What This Means for You
- D7 retirees: Most carriers cap new-entry underwriting at 65 or 70. If you arrived after that age, you may be confined to either family-plan attachment as a dependent on a younger spouse's policy, or to ADSE if your route includes a Portuguese pensioner status with public-sector linkage. Plan the application for the year you turn 64 if you are close to the cap.

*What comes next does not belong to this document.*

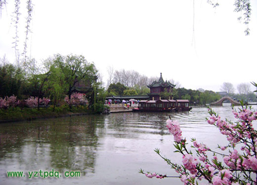 很多地方本來(lái)很美,但是也許旅游旺季時(shí)人多了也沒有意思,但那天恰好全無(wú)喧囂,沒有到處飄揚(yáng)的導(dǎo)游旗,沒有小喇叭的尖叫,就覺得什么都很好,沒有一處“視覺污染”。于是就覺得二十四橋特別詩(shī)情畫意,覺得詩(shī)畫長(zhǎng)廊特別舒展開闊,覺得“四橋煙雨”特別清新靜美……這就值得流連又流連了,春意濃濃地化在瘦西湖中,慢慢的泡開來(lái),溢了滿湖;而我們,真甘愿在這里沉沉地品這杯泡得恰到好處的春茶。

- D8 remote workers and IFICI/RNH-successor entrants: Allianz Care international policies are the standard route for employees with mobile careers and international medical preferences. If your employer is a Portuguese entity, the corporate-group Médis/Multicare route is cheaper at the employee level and gives the conversão-para-individual continuity option on exit.
- Golden Visa holders not yet tax-resident: You can buy private health insurance as a non-resident — most carriers accept foreign-domiciled premium-payment — but pre-existing-condition underwriting is identical to the resident case. Plan the application before you have the year of medical events you might prefer not to disclose.
- Families with young children: Pre-existing-condition rules in higher-tier family plans are usually more forgiving than individual policies, and the family-rate discounting is meaningful. Multicare and Médis dominate the Lisbon paediatric-network density.
- If you are already on the SNS only: Add private cover specifically for the elective-specialist and elective-imaging slots the SNS queues for — orthopaedics, dermatology, gastroenterology, MRI/TAC scheduling. Entry-tier Médis or Multicare typically clears the gap at €30–€60/month for an under-50 resident.
- If you have a chronic condition: Disclose it on the proposal — non-disclosure forfeits the policy. Then negotiate the underwriting envelope (carência reforçada vs premium loading vs exclusion). For chronic-disease management, the SNS specialist channel often delivers superior protocol-quality than private; the private policy adds faster-access and elective-care depth.
- If your employer offers a group policy: Take it. Even if you have an existing individual policy, the group continuity feature on exit is worth more than the duplication overhead. On leaving, exercise the conversão-para-individual within the 30–60-day window to preserve the carência clock.
- Read the renewal letter: Year-on-year premium increases are usual; an unusual jump signals either a portfolio repricing or an underwriting decision triggered by your claims history. The 30-day non-renewal window at anniversary is your annual leverage point.
Portuguese private health insurance is one of the better-priced, better-regulated layers in the European individual market — it operates as a tactical supplement to a high-quality public service rather than a substitute, and the practical work for a foreign resident is in matching the underwriting envelope to the medical-history profile and lining up the rede-convencionada network around the day-to-day clinicians and facilities you would actually use.